Finally, Jan Frodeno surged halfway through the run and Laurent Vidal put in a long kick and both of them got me at the line and I took 8th. [Shoemaker’s 30:28 run was second to Frodeno’s race-best 30:26 and faster than Vidal’s third-best 30:29. All of them ran faster than winner Alistair Brownlee’s 31:00 run, but they had lost the race on the bike]
Lessons learned in the $200,000 duel at the Hy-Vee World Cup
I had an awful swim. At the first turn buoy, there was a little chaos so I went wide and ended up going a long way past. There were so many people who got to the buoy at the same time, they were 10 wide. It was more than a 90-degree turn around the buoy so I ended up losing even more time. I was almost last after the first lap of the swim, but at same time, with the confidence I got from previous races, I believed I could pick things up. On the second lap, I thought about what Simon Whitfield said after a bad first lap in the swim at Tongyeong: “My race is not over. My race is now to see how I can pass as many people as possible on the second lap.” That was all I thought about at the time – to pass as many people as possible. When I came out of the water, I think I was about 30th and trailed by about 15-20 seconds starting the bike.
We did a lot of chasing on the bike in that race. My pack worked really hard and I think Bevan [Docherty] and Clark Ellice and I were about a minute back of Matt Reed and Stuart Hayes and a couple seconds back of the main chase pack starting the run. [Tim Don and Danylo Sapunov were also ahead of Shoemaker, 20 seconds back of Reed and Hayes, but were also run down]
Off the bike, I think I was one third of the field off the lead. I think the fast guys caught those lead guys about 1k into the run and we had the lead before the first of four laps. Then I just stayed with [Gomez, Whitfield, Kahlefeldt, Gemmell and Frodeno] at a very high rate of speed.
After the race, I was not happy with myself. Looking back, Simon Whitfield actually went off the back a few times, but nobody made a move to drop him out of the front pack. Nobody made a move to win, and after two laps, the pace actually dropped. We were definitely slower the last two laps.
With a few hundred meters to go, I was ready to go on a sprint and I tried to go inside on one of the final corners, but I got pinched off and boxed out. And then they were gone. I think was ready to go but I don't know if I would have been able to sustain the sprint speed the guys had because I had lost so much momentum.
One thing I learned was that those guys can sprint really fast, faster than it looks. Later it mentally frustrated me to realize that in order to win I could not sit there and hope something happens. I realized that with a mile to go, I needed to make a long hard surge.
Still I came away with good feelings. The big thing I took out of it was that I had another great race and I was consistently running with the best guys in world in our sport. I was running with men who won two Olympic gold medals [Whitfield placed 1st at Hy-Vee and won Olympic gold in 2000 and Frodeno was 3rd at Hy-Vee and won Olympic gold in 2008], and Kahlefeldt [2nd] and Kris Gemmell [4th] have won lots of races and made tons of podiums. That to me was another important confidence builder.

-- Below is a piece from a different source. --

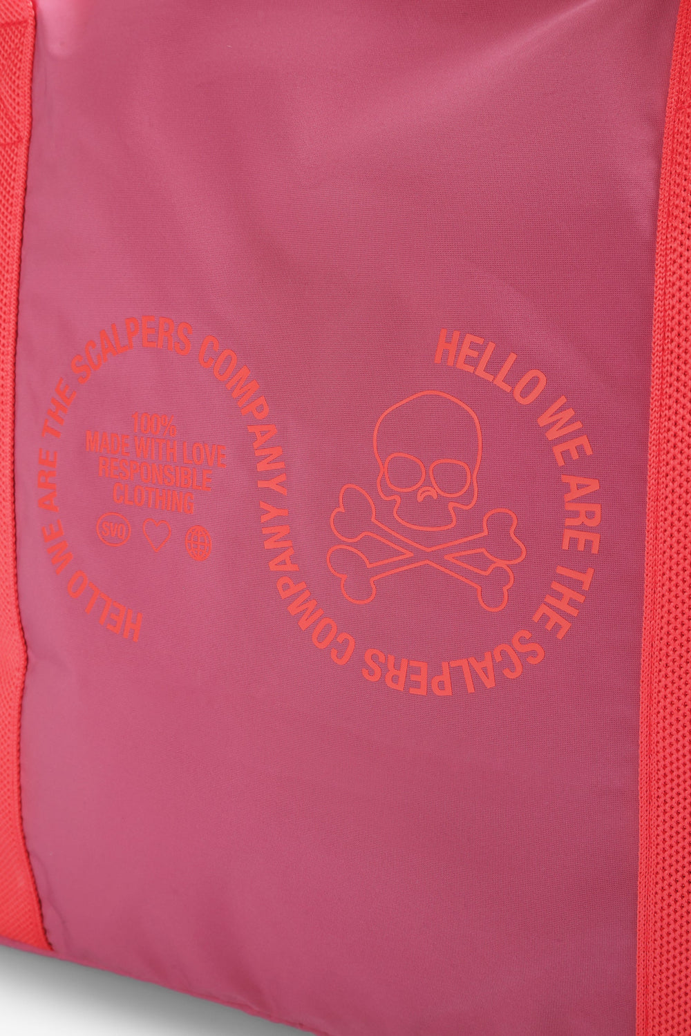 Synthetische tas met dubbel hengsel. Sluiting met tweewegrits. Logo aan de binnenkant. Voor- en achterkant bedrukt met logo en doodshoofd.

World Championship Series race four – Kitzbuhel
I raced Kitzbuhel and had an amazing swim [15th, 23 seconds off the lead swimmer] there and I got out in the front pack. But it was freezing and raining and I was so cold and I was shivering so much I could not control the bike and I dropped out and it frustrated me. That race Brownlee and Gomez fought it out and Brownlee won and Gomez was 2nd. I really look forward to going against those guys.
World Championship Series Race 5 – Hamburg
I had not even planed to race there. But I ended up staying in Kitzbuhel and trained there for a week and a half. Basically I had very tough, really hard training. I wanted to push myself and going into that race I had great run workouts and I felt really good. On race day it was raining for the girls but by the time we raced, the weather was gorgeous, in the 70s and sunny. And Hamburg with all people there is an amazing venue to race.
I was disappointed that Brownlee and Gomez did not race Hamburg. But the Frodeno and Kahlefeldt were there and the Germans were all good, all inspired on their home course. Maik Petzold was going very well [4th at Madrid, 3rd at Washington D.C., 4th at Kitzbuhel] and [2007 ITU World Champion] Daniel Unger won Hamburg two years in a row.
I did not get a good start on the swim and I was maybe 40th at the first buoy. Halfway back to the turnaround point on the first lap, I recognized that I had an opportunity to pick off places on that long straight and I swam back up to 15th and I stayed in that position [31 seconds back from the lead] coming on to the bike.
There was a little separation in transition and I missed the first [pack]. I wished I had gotten on. Our group chased the front pack for a lap and a half, then we finally caught back on. The pace was not extremely hard for the first few laps. Hamburg is a very technical course with many sharp corners and the pack lengthened out into a long line and I ended up sitting in at the back. Normally that is a little too far back. But on that bike course, if you are not all the way up by a mile and half to go, you cannot make it back up. There is no room to pass. I remember [fellow USA competitor] Kevin Collington came back and asked me I how was feeling. I said “Don’t worry about me. I’m having fun and I’m feeling good.” I knew I had trained so well, so consistently, I had confidence I’d run fast regardless. The last lap of the bike, I probably worked one third of the way through the field and I came off the bike in what seemed like 40th place.
I set off running in the middle of the pack and by the end of the first lap I caught the leaders of the chase — Brad Kahlefeldt, Jan Frodeno, Steffen Justus and Maik Petzold – and had only three of the breakaway riders in front of me. I knew the three started the run with about a 90-second lead, and in most races you can run them down. At the same time, it is what it is. There is not much you can do except run as hard as you can. The second lap I just kept going hard and caught Christian Prochnow and Paul Tichelaar right at 5km. When I caught up to those guys, I made a decision to keep going and not sit in run with the pack.
At that point I just continued to push. To some extent when you are out front, the tendency is to relax because you are out by yourself. So I knew not to hold back. Don’t go too hard, go smart, strong and smooth. Also, I kept getting information that I had a pretty good gap.
Once in the lead, I don’t usually look back. At the roundabouts I could see if I had increased the gap on the people I had passed or if they were coming closer. This was all stuff I learned from running races — how to pace myself and how to know when you really need to put out the effort. I felt great, but I tried to keep the thought ‘Oh my I will win it’ out of my head. That can lead to disaster. A few hundred meters from the finish I looked once to make I sure kept strong all the way in. Finally, I flipped off my sunglasses for the finish.
Looking forward to London
Racing in London, it will be the first Olympic course preview and I am excited to race Brownlee [a perfect three wins in the World Championship series] and Gomez [two seconds and a third] there. The past two times I raced against Brownlee, we were not in the same pack and in Kitzbuhel I dropped out with hypothermia. I want to be in the game with him. That is what anybody would have to want – to push themselves against the men who have proved to be the best athletes right now.
My goal is to race well but I don’t think I can win every time. If anyone says they think they will win every triathlon in current ITU racing is crazy. The sport is so dynamic and so different from week to week, which is what’s fun about it. They will likely have a different winner every time because we have accidents, bad swims, bike breaks.